Polyethylene (PE) is the most consumed plastic polymer in the world with
an annual consumption rate exceeding 25 million tons per year.
Due to its high durability polyethylene accumulates in the environment at an alarming rate. The drastic accumulation of polyethylene brought attention to the need for developing microbial methods that will efficiently biodegrade plastics.

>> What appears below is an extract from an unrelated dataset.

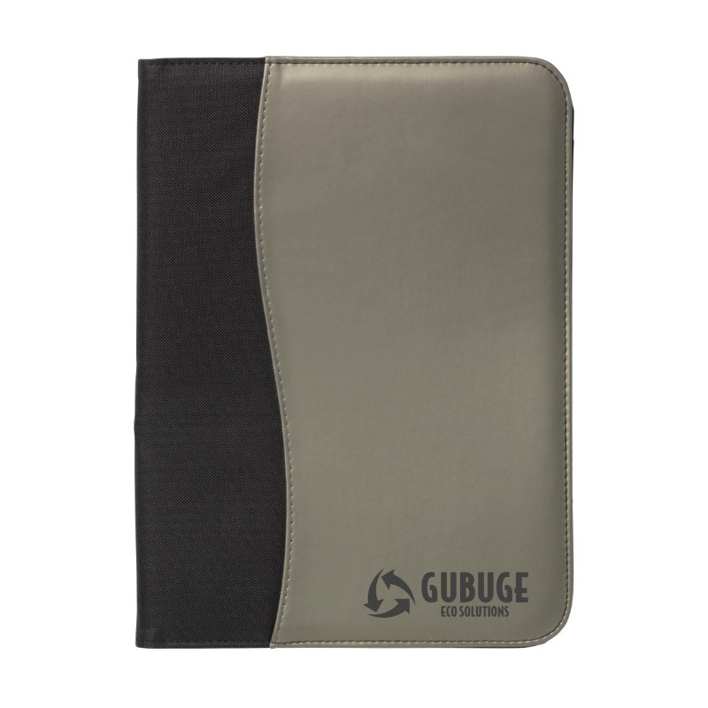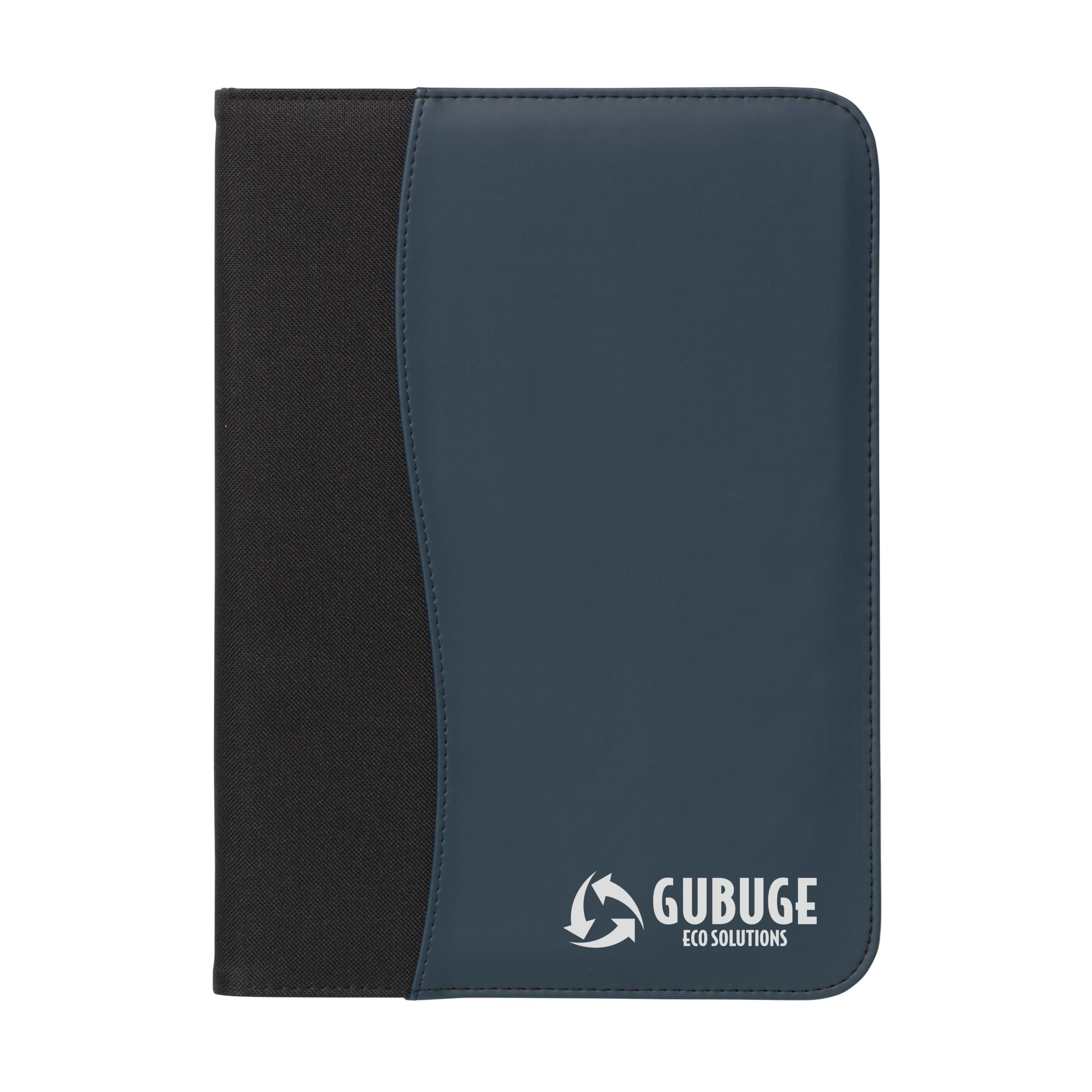 Schrijfmap/documentenmap van 600D nylon/imitatieleer in A4-formaat. Met diverse insteekvakken. Incl. schrijfblok en balpen.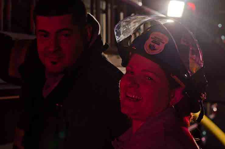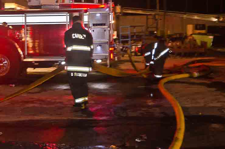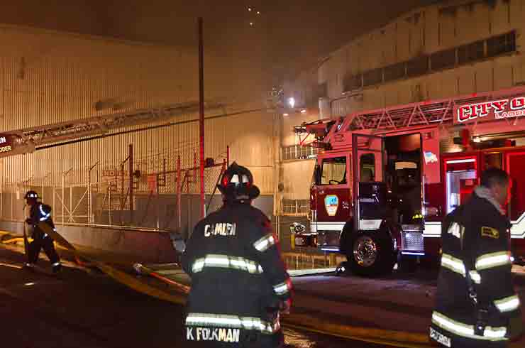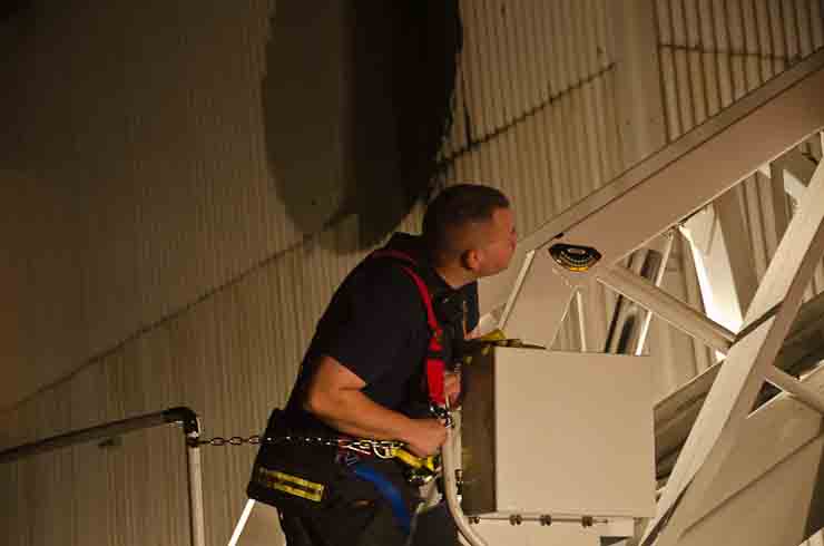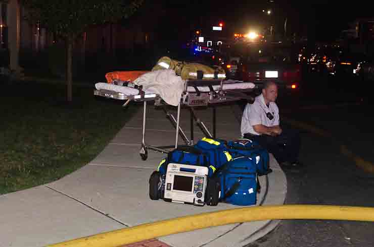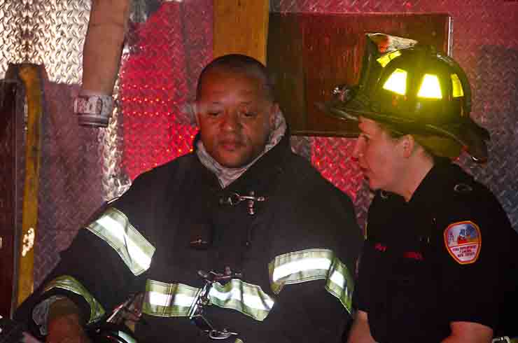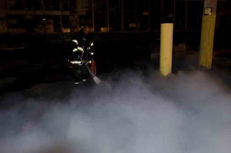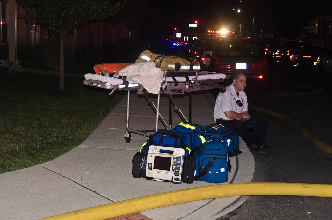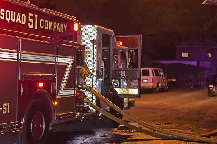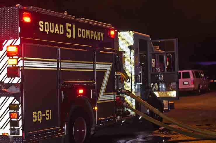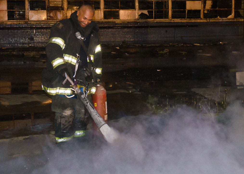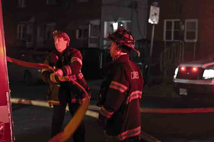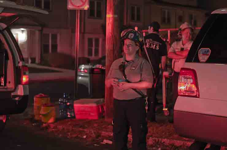 Magnetic Metals Corporation has been in operation on Hayes Avenue in the Cramer Hill section of Camden since 1942, manufacturing high grade nickel alloy laminations. The biggest fire to date in 2012, a building that was in the process of being emptied out caught fire around 11:00 PM on June 18, 2012. The fire went to six alarms before being brought under control. I arrived on scene at about the 13 minute mark, took my first shot at 11:07 AM, and was still there well over five hours later, taking my last shot at 4:45 AM. When I returned a few hours later, Engine 11 was still operating, wetting down hot spots. This is the third of four pages of photos of this fire. Links to continue to the next page, return to the first page, or skip ahead are at the bottom of this page. The photos are for the most part presented in the order in which they were taken… I was using two cameras, some photos taken in the same minute on each camera may be sequenced wrong, but that's small stuff! As with the web page covering other Camden Fire Department events, if you can identify anyone that I've missed, please comment at the bottom of the page. (I'm terrible at at names and faces). June 26, 2012 |

This study focused on induction and optimization of the activity of bacterial laccase enzyme produced by several polyethylene degrading bacteria. Characterization of the growth of two of the bacterial strains (designated 712 and 707) revealed that they are thermophilic (optimal growth temperature of 45°C and 40°C, respectively) and neutrophils. Further evidence showed that both strains produce extra-cellular laccase enzymes that exhibited an optimal activity at 80ºC. Several organic molecules (xylan, ABTS [2,2'-azino-bis(3-ethylbenzthiazoline-6-sulfonic acid)] and copper) were evaluated as inducers for laccase production. Optimal treatments for laccase induction were also examined by PE biodegradation processes.
All laccase activity assays included the use of 2,6-DiMethoxyPhenol (DMP) as an indicator for laccase activity and were measured at 490nm. The induction analyses were conducted at 330nm wavelength in which maximal absorbance is received by the type III copper in laccase's catalytic site.
This study explored new ways to improve plastic biodegradation and found that biodegradation activity attributed to bacterial laccase may be enhanced in the presence of xylan and/or Cu2+. Further research is required in order to establish an efficient method for biodegradation of polyethylene.